• Task description: Leave every picture out, and print the full listing again exactly.

• Source material:
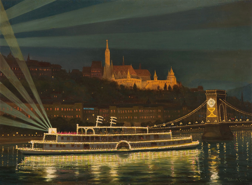 "Eucharisztikus flottatűntetés" Budapesten. Fent a SZENT ISTVÁN gőzös Ulrich Géza "Eucharisztikus Világkongresszus 1938-ban" c. festményén, lent a m. kir. Honvéd Folyamerők hadihajói és az esti fényjáték.
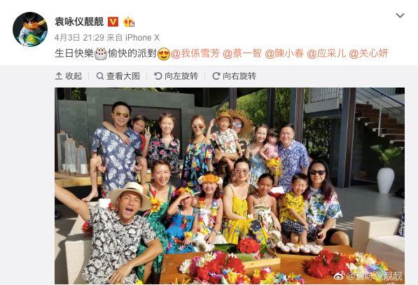 事情是这样嗒:袁咏仪在微博晒出了张自己全家和陈小春全家以及友人们一起度假的照片并配文道:“愉快的派对”。
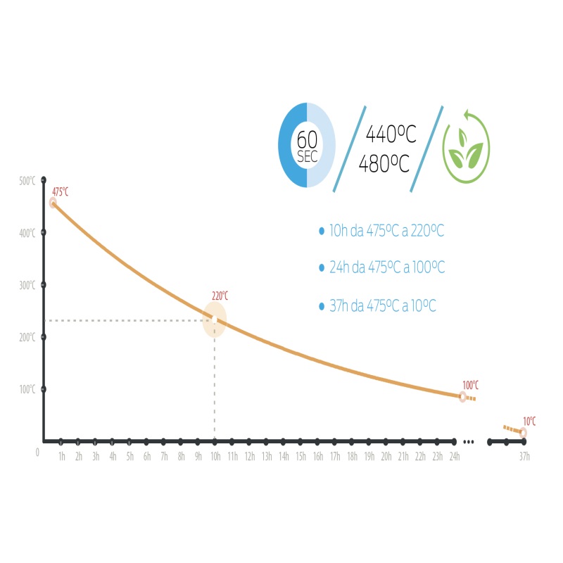 Les fours Izzo Forni offrent une cuisson rapide à des températures allant jusqu'à 450°C. La structure solide et l'isolation thermique parfaite maintiennent ces températures, même en cas d'utilisation intense. De plus, la diminution progressive de la température après l'arrêt du système permet d'importantes économies d'énergie, assurant une efficacité énergétique exceptionnelle.
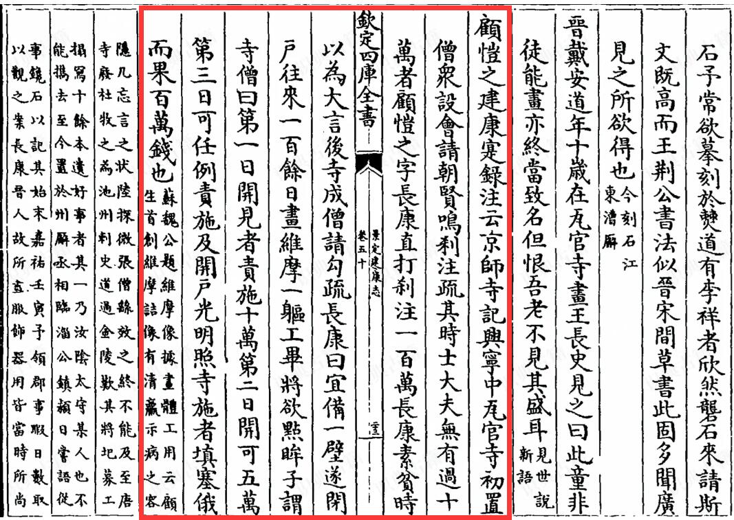 晋哀帝兴宁二年(364),当时南京瓦官寺刚建成,僧众请朝中贤达“鸣刹注疏”(当时寺僧向社会募捐的一种方式),士大夫施钱没有超过十万的,唯独平日清贫的顾恺之扬言要布施百万。在大家都认为他大言不惭时,他让寺里僧众准备一面墙壁,闭门一个多月,画了一尊佛教人物维摩诘的画像。快画完将要点眼睛时,他对寺僧说:“工毕将欲点眸子”,并说“第一天观看的人需布施十万,第二天观看的人需布施五万,第三天可任意布施”。等到开门时,果然前来布施的人很多,很快就募集到了百万。《景定建康志》记载的这则故事既肯定了顾恺之绘画技艺的高超,也生动反映了当时佛教美术的兴盛。

• Written response:
 "Eucharisztikus flottatűntetés" Budapesten. Fent a SZENT ISTVÁN gőzös Ulrich Géza "Eucharisztikus Világkongresszus 1938-ban" c. festményén, lent a m. kir. Honvéd Folyamerők hadihajói és az esti fényjáték.
 事情是这样嗒:袁咏仪在微博晒出了张自己全家和陈小春全家以及友人们一起度假的照片并配文道:“愉快的派对”。
 Les fours Izzo Forni offrent une cuisson rapide à des températures allant jusqu'à 450°C. La structure solide et l'isolation thermique parfaite maintiennent ces températures, même en cas d'utilisation intense. De plus, la diminution progressive de la température après l'arrêt du système permet d'importantes économies d'énergie, assurant une efficacité énergétique exceptionnelle.
 晋哀帝兴宁二年(364),当时南京瓦官寺刚建成,僧众请朝中贤达“鸣刹注疏”(当时寺僧向社会募捐的一种方式),士大夫施钱没有超过十万的,唯独平日清贫的顾恺之扬言要布施百万。在大家都认为他大言不惭时,他让寺里僧众准备一面墙壁,闭门一个多月,画了一尊佛教人物维摩诘的画像。快画完将要点眼睛时,他对寺僧说:“工毕将欲点眸子”,并说“第一天观看的人需布施十万,第二天观看的人需布施五万,第三天可任意布施”。等到开门时,果然前来布施的人很多,很快就募集到了百万。《景定建康志》记载的这则故事既肯定了顾恺之绘画技艺的高超,也生动反映了当时佛教美术的兴盛。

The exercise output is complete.